NCT number NCT03479372
Other study ID # PAN-01-102
Secondary ID
Status Completed
Phase Phase 1/Phase 2
First received
Last updated
Start date April 26, 2018
Est. completion date June 27, 2019

Study information

Verified date July 2019
Source PanOptica, Inc.
Contact n/a
Is FDA regulated No
Health authority
Study type Interventional

Clinical Trial Summary

Double-masked, uncontrolled, multi-center, study in which participants will be randomized to one of 3 doses of topical ocular PAN 90806 administered once daily for 12 weeks.


Description:

Patients with newly diagnosed, active, pathologic CNV associated with neovascular AMD will be screened for inclusion into the study after providing written informed consent.
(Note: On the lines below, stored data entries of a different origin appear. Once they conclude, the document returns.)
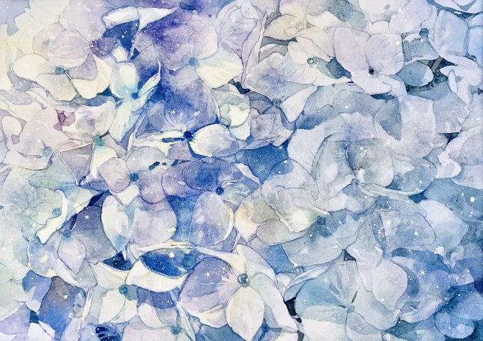 『紫陽花(あじさい)2023』 透明水彩・アルシュ紙細目・名村大成堂雅心東紅
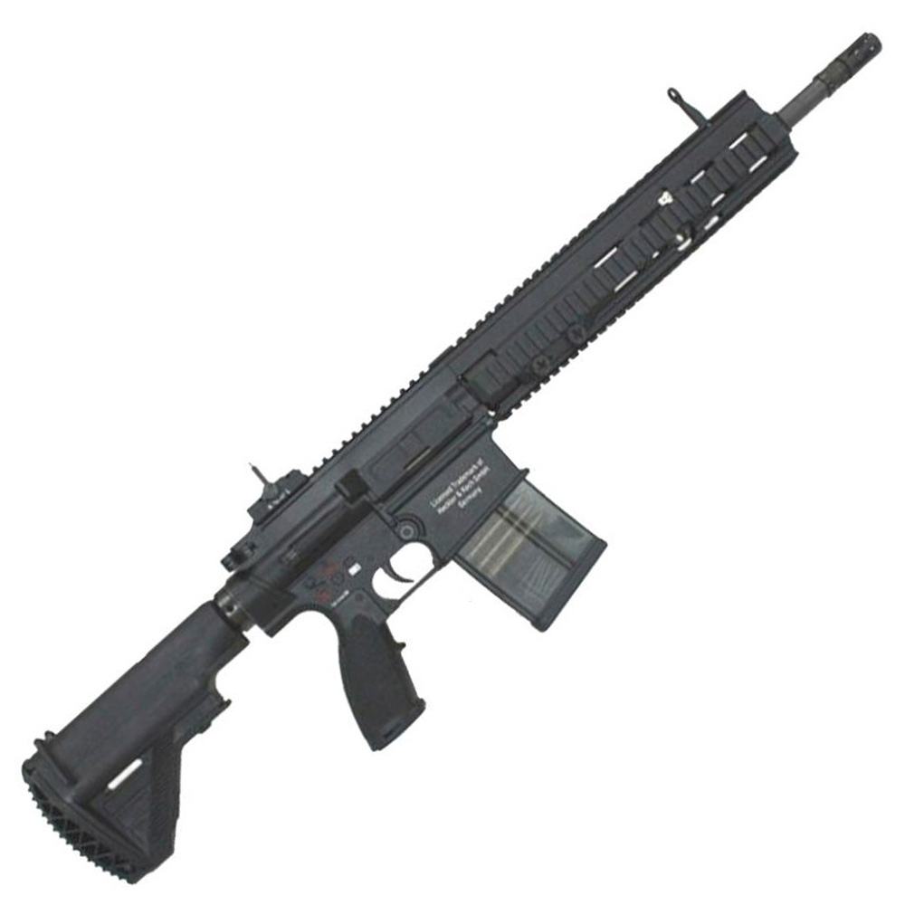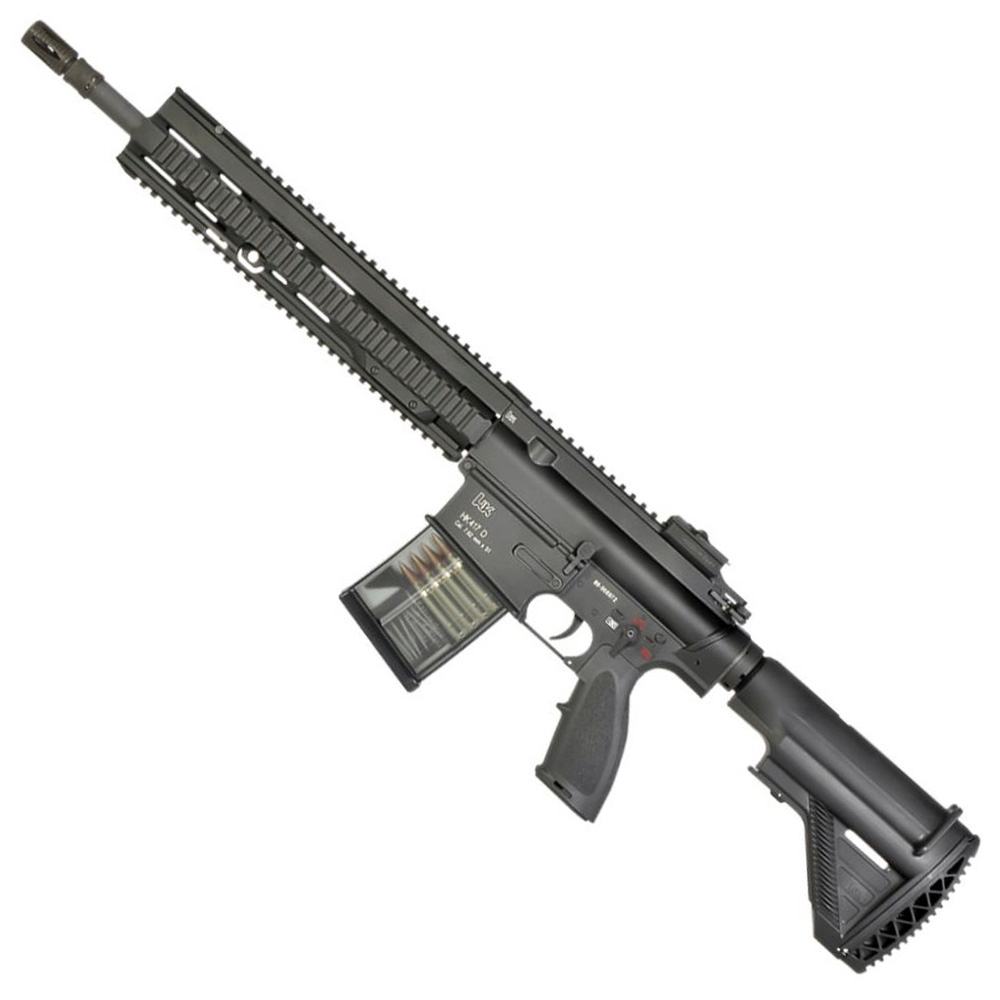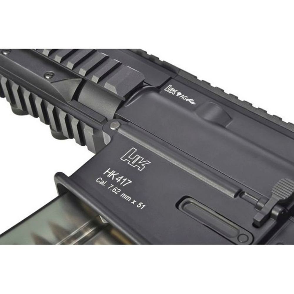 The Umarex HK417 is patterned after the wildly popular rifle from H&K the 417. The 417 is a select-fire, AR patterned rifle chambered in .308 generally used as a designated marksman rifle. This particular variant is the 12" HK417D that sports a shorter barrel length for added maneuverability. As this is the Version 2 HK417D by VFC, you can adjust the hop either from the chamber or from the gas block, this added ability can help you adjust your hop up on the fly with ease. Internally the HK417 features all metal gears with adds to the overall durability of the gun and is ready for 11.1v lipos. Its battery compartment is accessible by removing the butt pad and the storage space is enough for even Titan batteries.
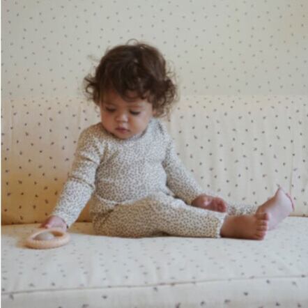 オーガニックコットン100%の柔らかな肌触りのワンジーロンパース。
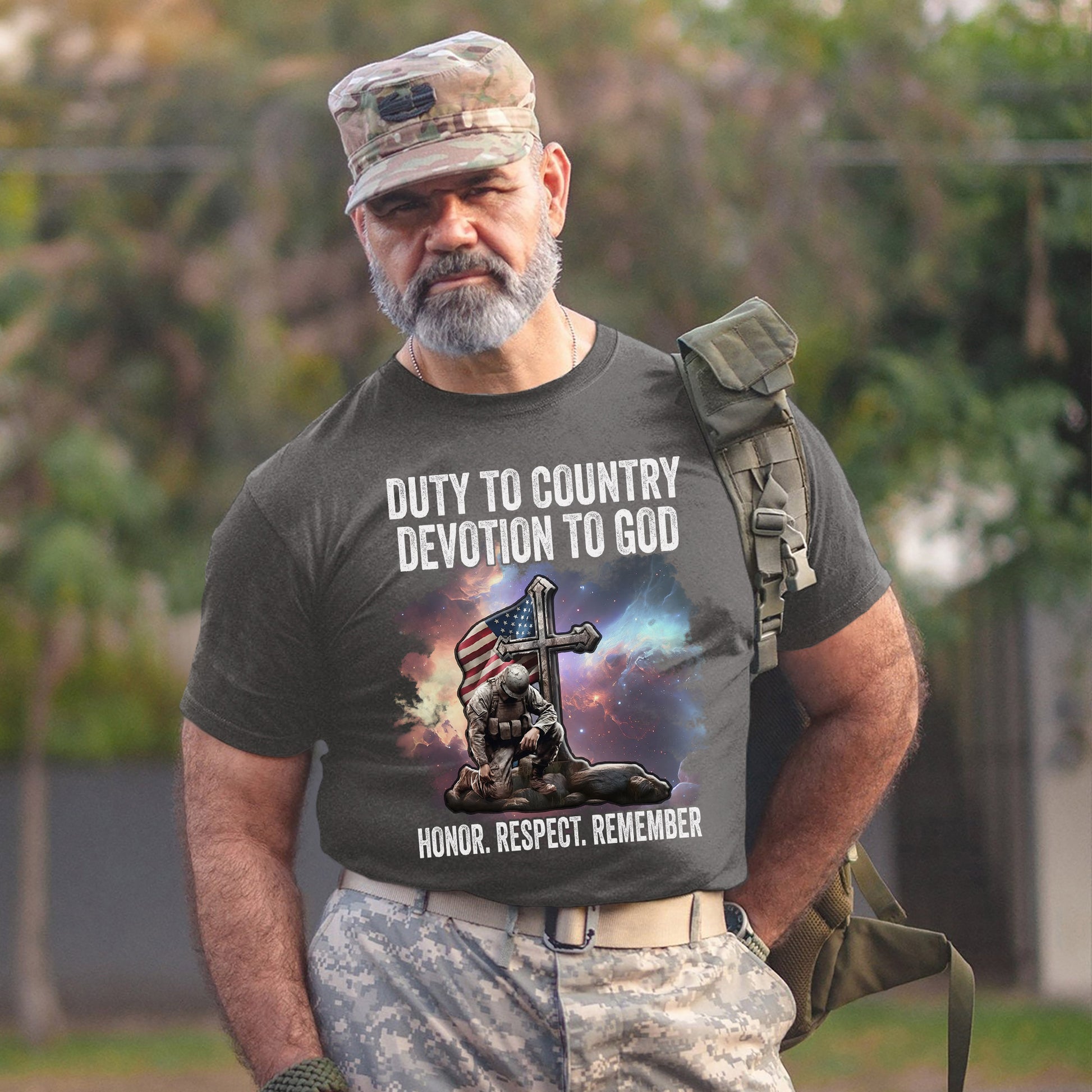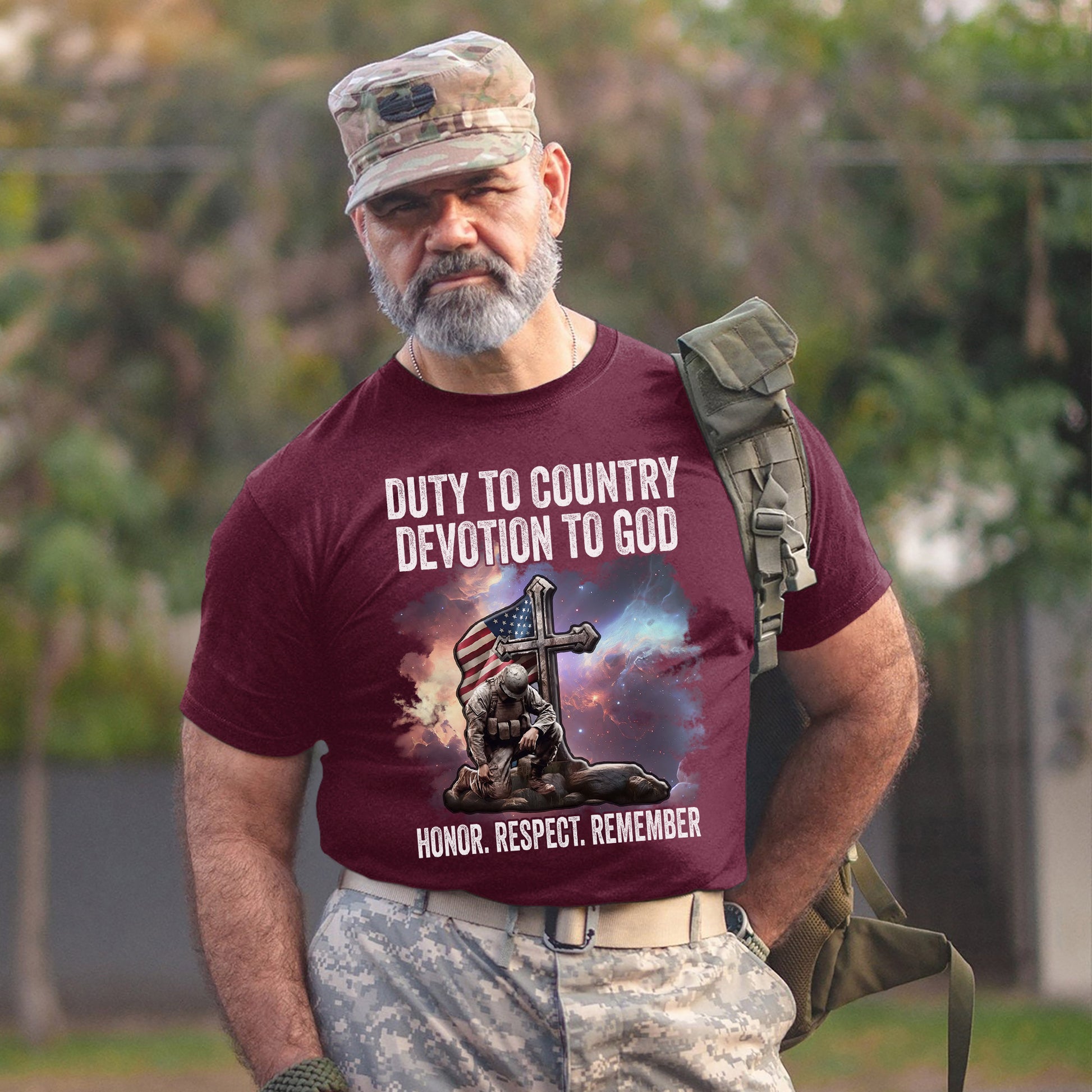 Duty to Country Devotion to God Patriotic American Flag Veteran Tribute T-Shirt
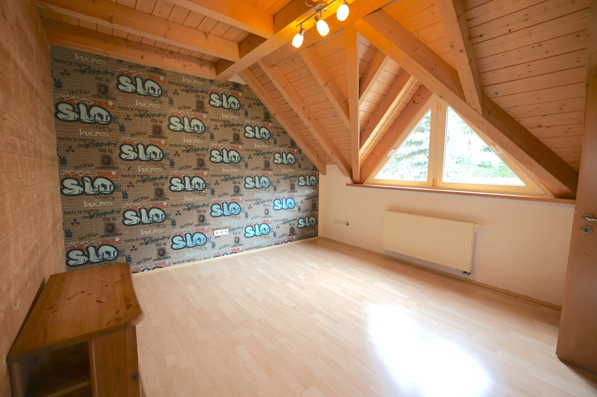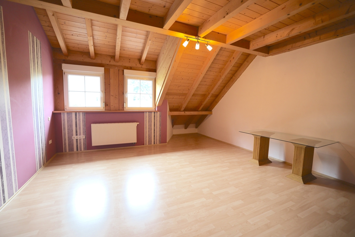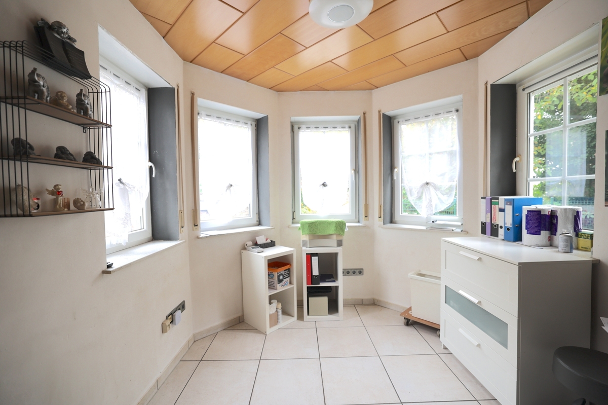 Ein großes Zimmer, das aktuell als Hobbyraum genutzt wird, ein gemütliches Schlafzimmer, eine Küche sowie ein Badezimmer mit Dusche machen diesen Bereich zu einem eigenständigen Wohnbereich mit viel Potenzial.
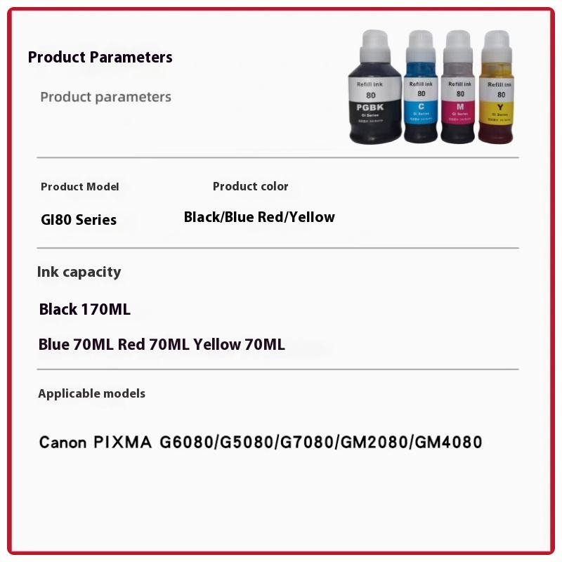 Bouteille de remplissage d'encre Canon pour 80 GI20 GI30 GI40 GI50 GI60 GI70 GI80 GI90 G5020 G6030 G5040 G6050 G6060 GM2070 G6080 G6091
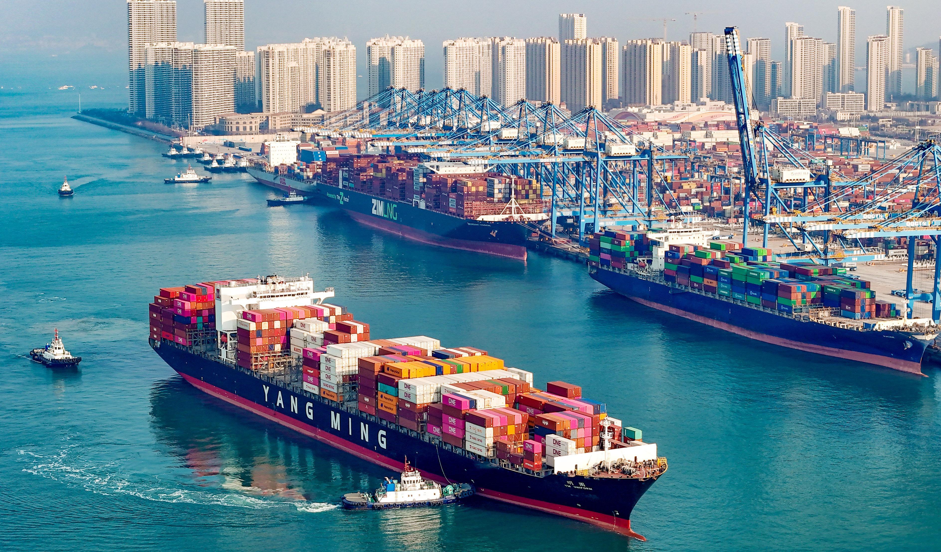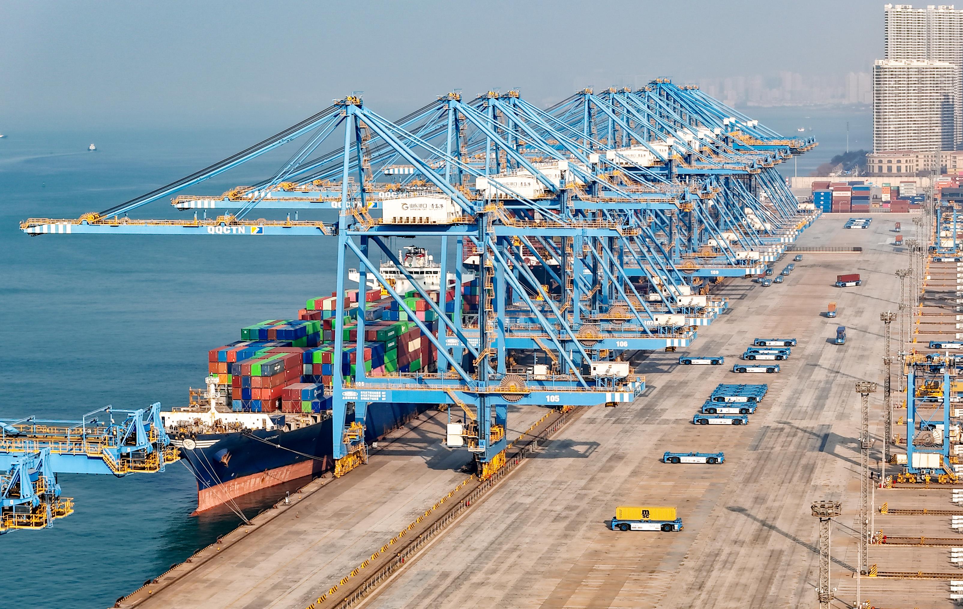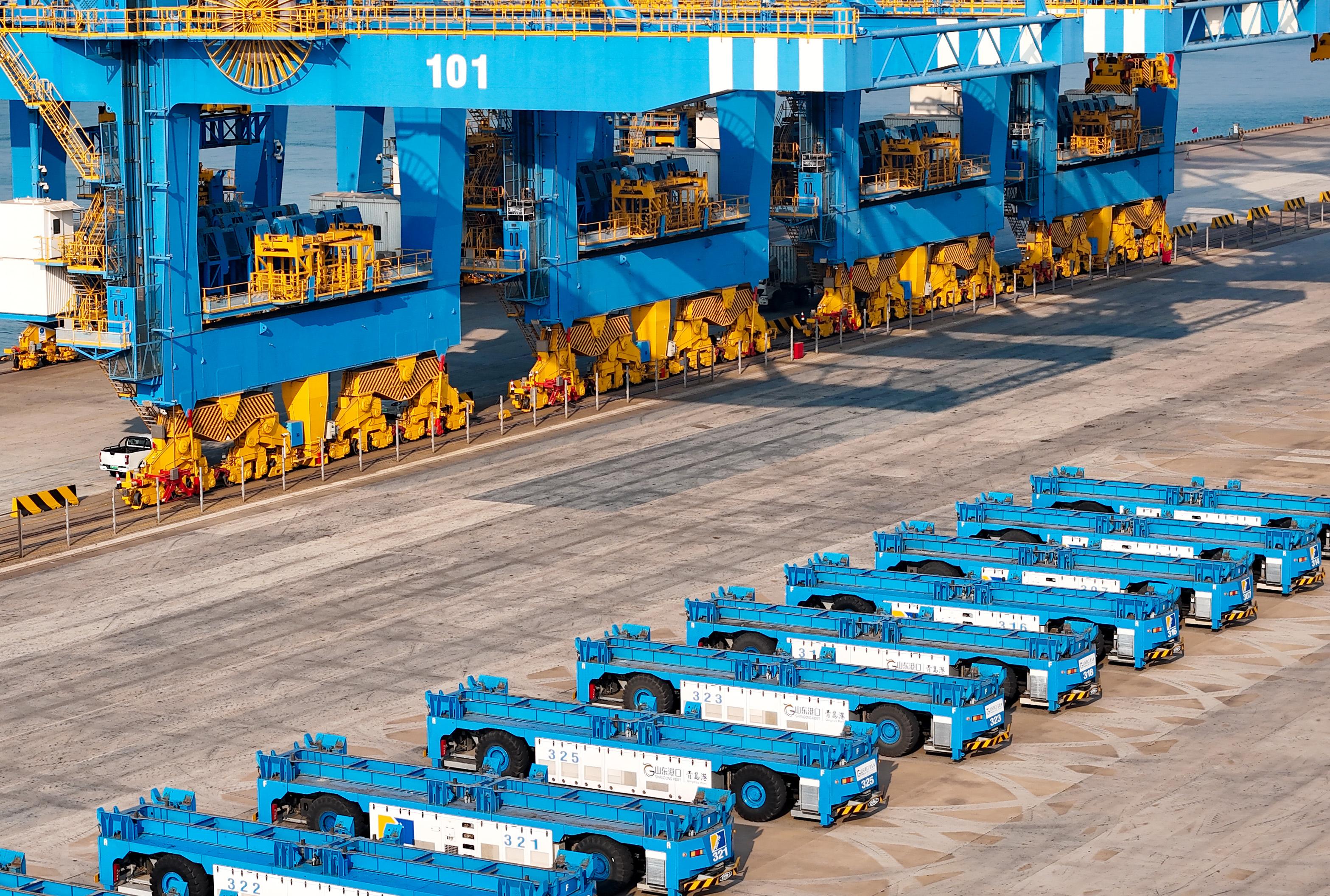 1月1日,在位于山东自贸试验区青岛片区的山东港口青岛港全自动化码头,自动导引车有序运送货物,高速轨道吊在集装箱堆场来回穿梭,货轮有进有出一派繁忙。

Participants who are eligible for the study will be centrally randomized at Day 1 to one of three doses of PAN-90806 Eye Drops. Participants will be instructed to apply one drop of PAN-90806 to the ocular surface of the identified study eye once daily for twelve (12) weeks.

Participants will return for follow-up visits at Week 2, Week 4, Week 8, Week 12, 1 week after stopping PAN-90806 treatment and 1 month after stopping PAN-90806 treatment.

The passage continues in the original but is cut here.